* [DATASET EXCERPT]:

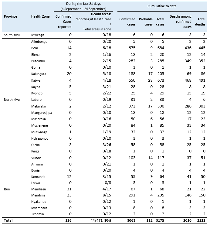 As of 24 September, a total of 3175 EVD cases were reported, including 3063 confirmed and 112 probable cases, of which 2122 cases died (overall case fatality ratio 67%). Of the total confirmed and probable cases, 56% (1778) were female, 28% (902) were children aged less than 18 years, and 5% (161) were health workers.
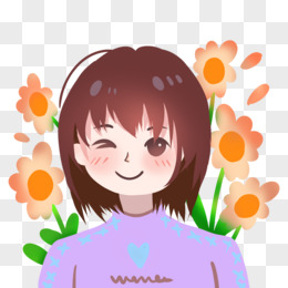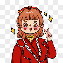 手绘可爱兔子小女孩开心眨眼wink表情包元素
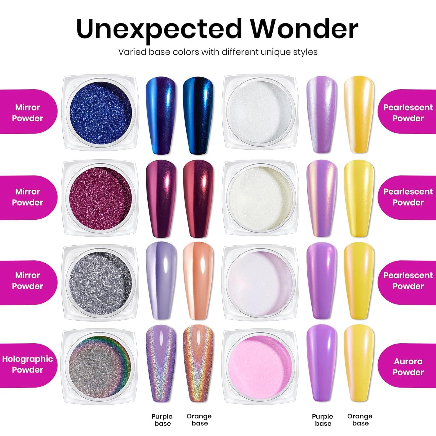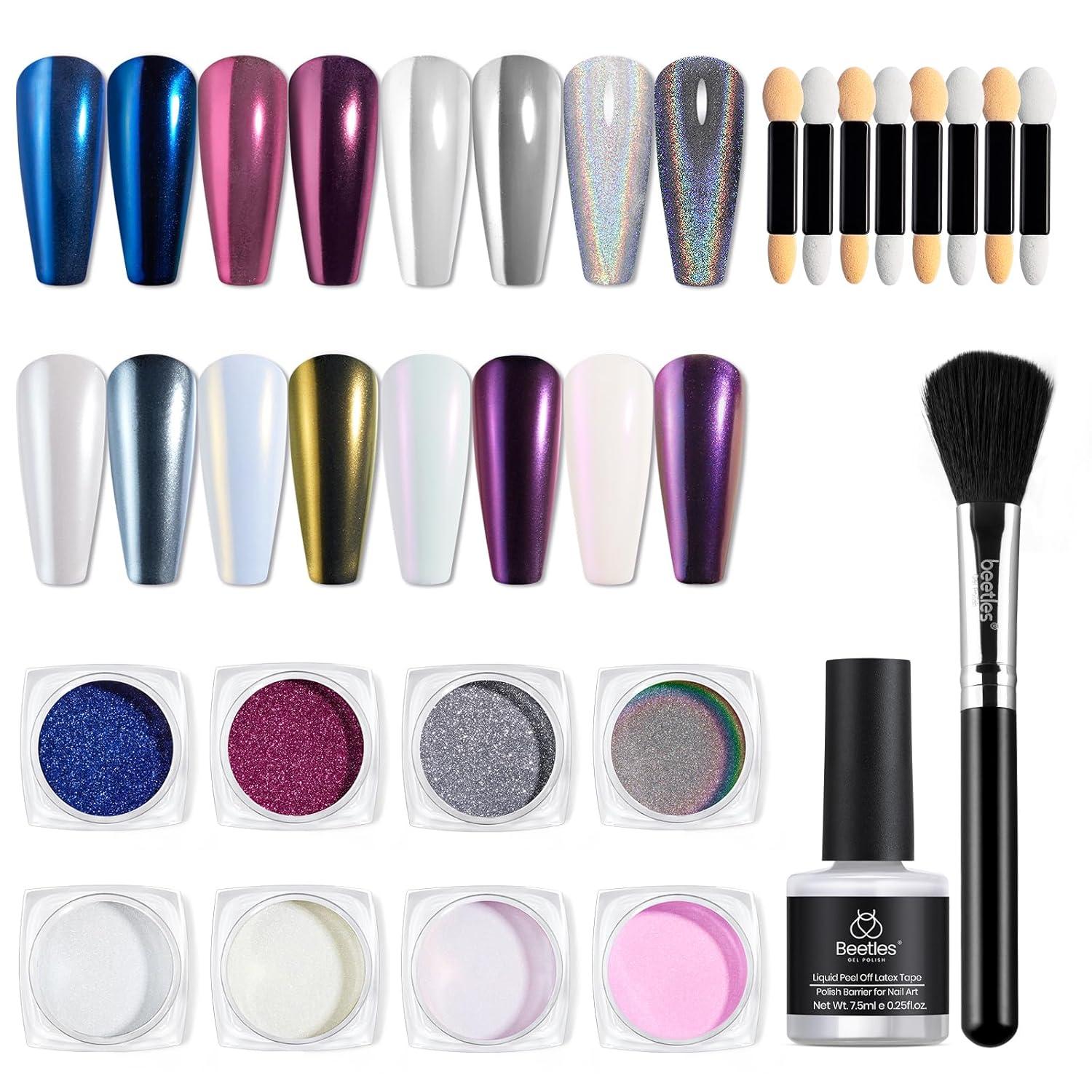imageBeetles 3D Nail Art Brushes Dualended Silicone Manicure Tool Gold Chrome Nail Powder 15mm Liner Brush Dotting Tool with Flowers Bowknot Mold Pearls for 3D Manicure Design Carving Drawing Effect08 Colors Metallic Chrome Powder
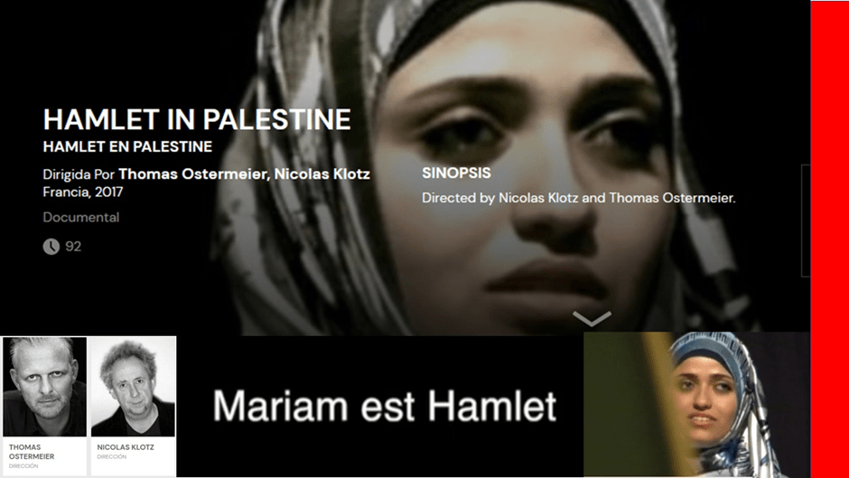 Hammad’s essay does not tie up the associations, that she surely knew, between the Freedom Theatre members, whom she interviewed and a specific production of Hamlet that involved them and about which an award-winning European documentary was made in 2017 (for the French version at least), Hamlet in Palestine. The film dealt with a collaboration between the Freedom Theatre and a German theatre Director. The former (as using the link will have shown) is a Palestinian education in theatre project situated in the West Bank refugee camp of Jenin. So much in the websites dedicated to this film even the title (in my collage above) ‘Mariam est Hamlet’, for this names an actress whose name is taken by theatre-director and actor of the Hamlet role herself in the novel, although no identity between these people is claimed by me (for I simply do not know, having never seen the film).

* [TASK OBJECTIVE]: Copy out every line above without change, dropping the pictures.

* [THE ANSWER]:
 As of 24 September, a total of 3175 EVD cases were reported, including 3063 confirmed and 112 probable cases, of which 2122 cases died (overall case fatality ratio 67%). Of the total confirmed and probable cases, 56% (1778) were female, 28% (902) were children aged less than 18 years, and 5% (161) were health workers.
 手绘可爱兔子小女孩开心眨眼wink表情包元素
imageBeetles 3D Nail Art Brushes Dualended Silicone Manicure Tool Gold Chrome Nail Powder 15mm Liner Brush Dotting Tool with Flowers Bowknot Mold Pearls for 3D Manicure Design Carving Drawing Effect08 Colors Metallic Chrome Powder
 Hammad’s essay does not tie up the associations, that she surely knew, between the Freedom Theatre members, whom she interviewed and a specific production of Hamlet that involved them and about which an award-winning European documentary was made in 2017 (for the French version at least), Hamlet in Palestine. The film dealt with a collaboration between the Freedom Theatre and a German theatre Director. The former (as using the link will have shown) is a Palestinian education in theatre project situated in the West Bank refugee camp of Jenin. So much in the websites dedicated to this film even the title (in my collage above) ‘Mariam est Hamlet’, for this names an actress whose name is taken by theatre-director and actor of the Hamlet role herself in the novel, although no identity between these people is claimed by me (for I simply do not know, having never seen the film).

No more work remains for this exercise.